Cigarettes will be sold in plain, standardised packages carrying large, graphic warnings against smoking - and the brand name in small print - from 2012, under proposed new legislation.
The government also sharply raised taxes on cigarettes by 25 percent from midnight on Thursday, adding about two dollars (1.85 US) to a packet of 30, with the proceeds ploughed in to healthcare.
"Cigarettes are not cool, cigarettes kill people," said Prime Minister Kevin Rudd. "This will be the most hardline regime for cigarette packaging anywhere in the world," he added.
Rudd said Australia also planned new curbs on Internet tobacco advertising and would spend 27.8 million dollars on a "hard-hitting" anti-smoking campaign.
"The big tobacco companies will hate what we are doing," he said. "The government however makes no apology what for what we are doing - it is the right decision."

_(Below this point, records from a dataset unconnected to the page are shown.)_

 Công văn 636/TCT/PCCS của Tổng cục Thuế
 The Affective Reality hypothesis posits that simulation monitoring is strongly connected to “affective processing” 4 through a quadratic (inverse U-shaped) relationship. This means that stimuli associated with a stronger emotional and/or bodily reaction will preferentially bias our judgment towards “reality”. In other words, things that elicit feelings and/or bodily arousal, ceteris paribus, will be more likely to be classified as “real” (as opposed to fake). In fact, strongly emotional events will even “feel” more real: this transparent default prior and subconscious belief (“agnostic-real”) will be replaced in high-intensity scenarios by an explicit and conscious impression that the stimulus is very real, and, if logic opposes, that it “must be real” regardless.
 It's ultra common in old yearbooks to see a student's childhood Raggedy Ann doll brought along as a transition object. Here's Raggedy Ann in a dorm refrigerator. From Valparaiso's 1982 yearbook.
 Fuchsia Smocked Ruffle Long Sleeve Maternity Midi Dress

Imperial Tobacco Australia said it planned to challenge the plain packaging on the grounds that it would affect its profits, arguing that branding has commercial value.

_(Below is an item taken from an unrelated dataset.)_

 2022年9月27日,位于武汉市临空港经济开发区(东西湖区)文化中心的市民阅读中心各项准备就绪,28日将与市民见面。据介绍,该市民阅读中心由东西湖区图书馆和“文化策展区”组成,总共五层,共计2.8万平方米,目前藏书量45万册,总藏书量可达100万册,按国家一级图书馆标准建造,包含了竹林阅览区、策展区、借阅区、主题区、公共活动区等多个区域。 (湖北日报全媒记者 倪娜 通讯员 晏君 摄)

"Introducing plain packaging just takes away the ability of a consumer to identify our brand from another brand, and that's of value to us," a spokeswoman told ABC radio.
"It really affects the value of our business as a commercial enterprise and we will fight to support protecting our international property rights."
One intellectual property expert said the move could cost taxpayers more than three billion dollars in compensation. But Health Minister Nicola Roxon said the legislation would be carefully drafted to withstand legal challenges.
"There will be very graphic warnings, there will be no colourful branding or logos," she said.
"This is the last vestige of advertising that remains in Australia for tobacco companies and we make no apologies about trying to close it down."
Tobacco advertising is outlawed in Australia, and smoking is also banned in most enclosed public spaces such as offices and restaurants.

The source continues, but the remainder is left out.